Humans evolved over millions of years as social creatures. We depended upon social connections for group survival, for acquiring mates, for raising children, for perpetuating our genes. Our emotional armature evolved as an adaptation, giving us rushes of dopamine and serotonin for pro-social behaviors and punishing anti-social behavior. As the sense of community has eroded, along with the deeply enmeshed social connections associated with community, more individuals than ever experience loneliness. The loneliness induced by structural changes in society have been aggravated, no doubt, by the retreat into digital and social media, and compounded by the social isolation dictated by policies designed to combat COVID.

Another possible explanation is cultural in nature. Americans have embraced values and ideologies that make them more vulnerable to mental illness. Once upon a time, Americans saw themselves as rugged, resilient, and capable of bouncing back from hardship. Americans thought it beneficial to expose children to adversity — the idea that what does not kill me makes me stronger. Competition was good. Failure was acceptable if it goaded children into greater effort.

Parents today seek to shelter their children from hardship and setbacks of any kind. The “self esteem” movement preaches that children need to feel good about themselves. Every kid gets a trophy for participation. As a society, Americans cultivate victimhood as a form of moral superiority. Students become paralyzed by micro-aggressions and retreat into safe spaces. Snowflakes are rewarded for their emotional fragility. When young people experience anxiety and depression, they aren’t told to get over it. Rather, their conditions are validated and medicated.

I’ll toss out one more explanation for consideration. In cultures with traditional values, everyone was expected to conform to pre-set sexual and gender roles. If you had male genitalia, you were deemed a male, and you were expected to assume male roles. Similarly, biological females were expected to assume female roles. Traditional values made life difficult for the 5% or so of the population that we would now label as gay or transgender, but it worked for the other 95%.

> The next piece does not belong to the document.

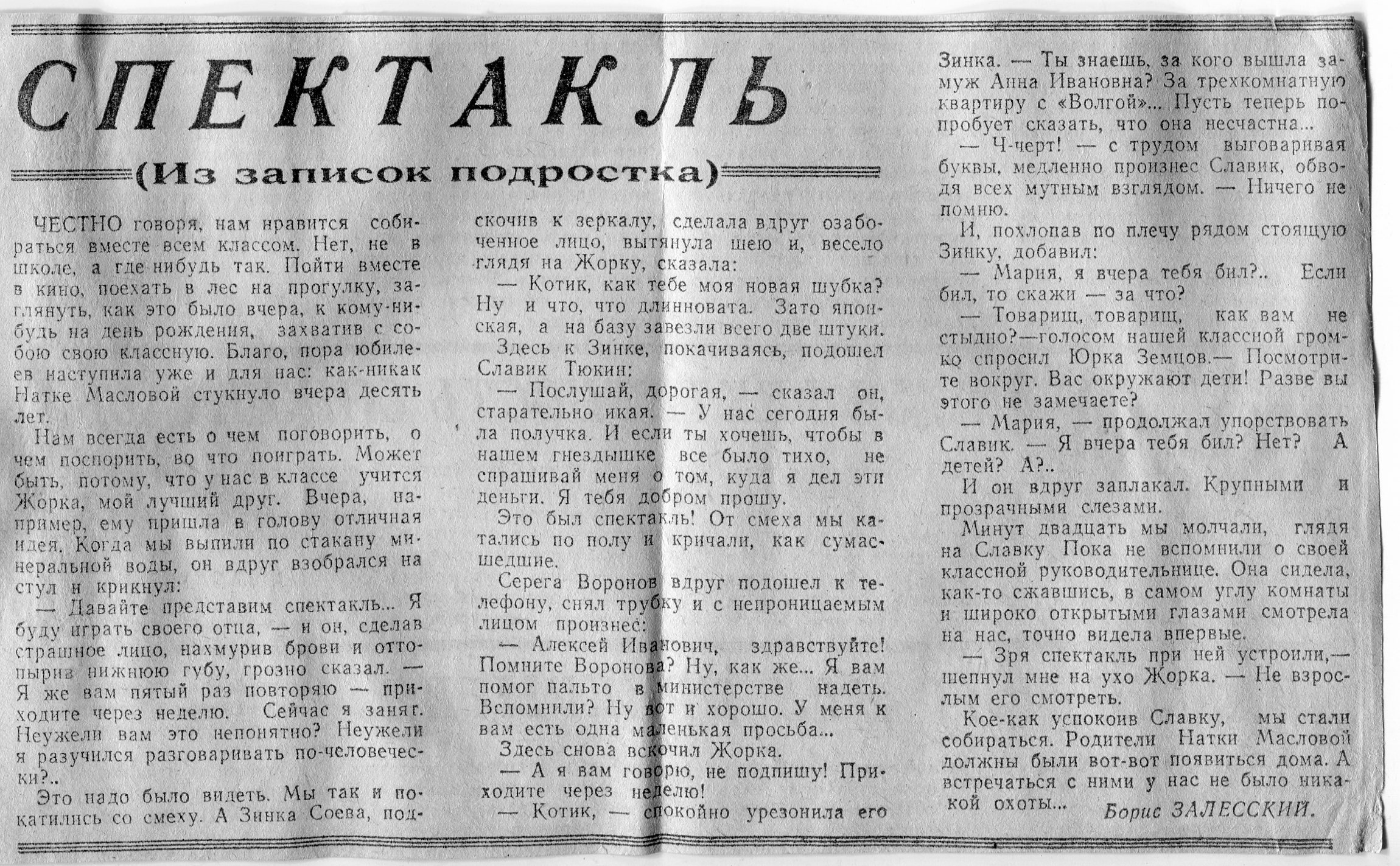 Залесский, Б. Спектакль / Б. Залесский // Трактор. - 1979. - 25 янв.

Women were the first to break from this traditional pattern. They insisted upon, and won, the right to choose whether to pursue careers, become stay-at-home moms, or seek a balance of the two. Women enjoyed opportunities they had not had before. But having opportunities entailed making choices, and making choices could induce anxiety. Then came the gay movement. Gays not only enjoyed freedom from scorn and ostracism, their sexual identity came to be regarded as entirely socially acceptable. But, then, adolescents had to decide if they were straight or gay. Then came the transgender movement. Transgenders are now gaining social legitimacy. And now adolescents must to decide how they “identify.” American society has now reached the point of absurdity. Today adolescents must decide if they are cisgender, transgender, non-binary, intersex, genderqueer, gender fluid, gender non-conforming, agender, gender expansive, or gendervoid (to use the taxonomy in this Women’s Health article).

Today, American youth must choose from a bewildering set of identity options. No wonder so many are confused, anxiety-prone and depressed!

If Americans feel their social structure and politics are falling apart, there’s likely an underlying reason: collectively, we are experiencing (to borrow an old-fashioned phrase immortalized by the Rolling Stones in “Nineteenth Nervous Breakdown”) a nervous breakdown. But the breakdowns are not happening to just a few. They’re happening to millions.